When the listing below reaches the line that has "Gamis Jumbo List", start reproducing exactly; stop after the line that has "wir möchten euch", and drop the pictures.

= Data for the task =
☆ ☆ ☆ ☆
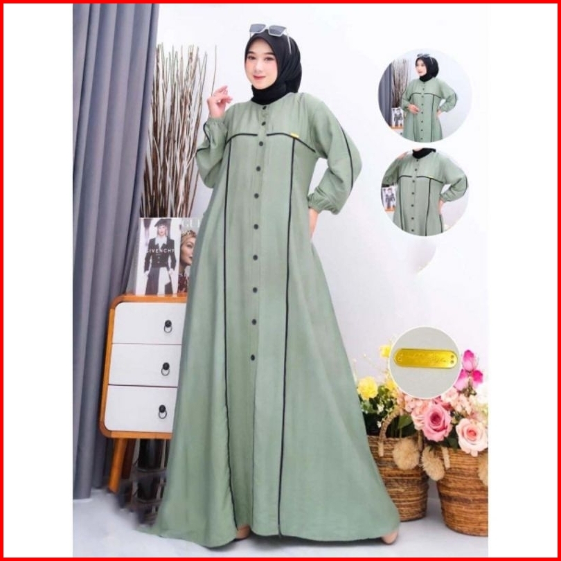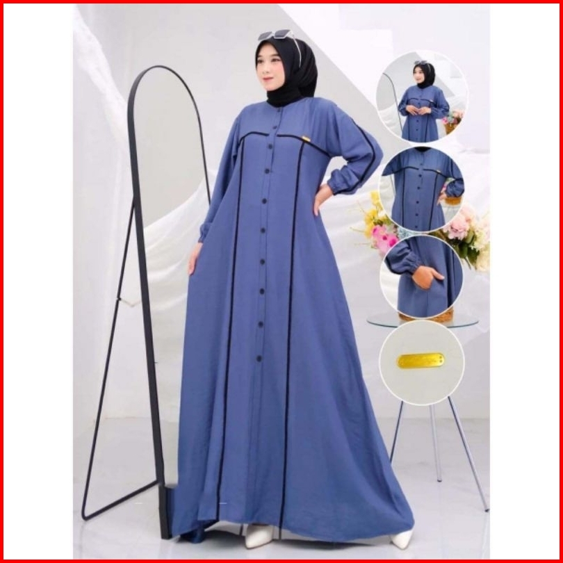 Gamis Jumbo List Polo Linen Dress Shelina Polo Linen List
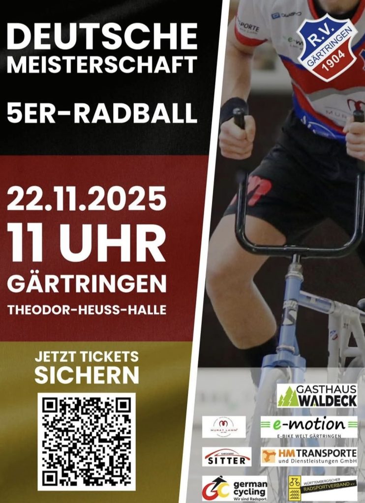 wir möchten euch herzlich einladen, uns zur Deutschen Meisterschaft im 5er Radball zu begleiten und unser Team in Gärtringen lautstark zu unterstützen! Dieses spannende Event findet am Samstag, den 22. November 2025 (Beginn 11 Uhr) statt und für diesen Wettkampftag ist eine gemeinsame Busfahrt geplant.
☆ ☆ ☆ ☆
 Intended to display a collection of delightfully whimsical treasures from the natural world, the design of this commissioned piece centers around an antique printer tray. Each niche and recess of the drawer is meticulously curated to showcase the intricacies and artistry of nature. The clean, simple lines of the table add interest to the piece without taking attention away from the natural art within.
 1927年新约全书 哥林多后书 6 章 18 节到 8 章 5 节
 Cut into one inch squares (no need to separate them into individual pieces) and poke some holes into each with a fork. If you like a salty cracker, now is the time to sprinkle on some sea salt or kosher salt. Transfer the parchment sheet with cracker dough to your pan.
☆ ☆ ☆ ☆
= Answer to this task =
 Gamis Jumbo List Polo Linen Dress Shelina Polo Linen List
 wir möchten euch herzlich einladen, uns zur Deutschen Meisterschaft im 5er Radball zu begleiten und unser Team in Gärtringen lautstark zu unterstützen! Dieses spannende Event findet am Samstag, den 22. November 2025 (Beginn 11 Uhr) statt und für diesen Wettkampftag ist eine gemeinsame Busfahrt geplant.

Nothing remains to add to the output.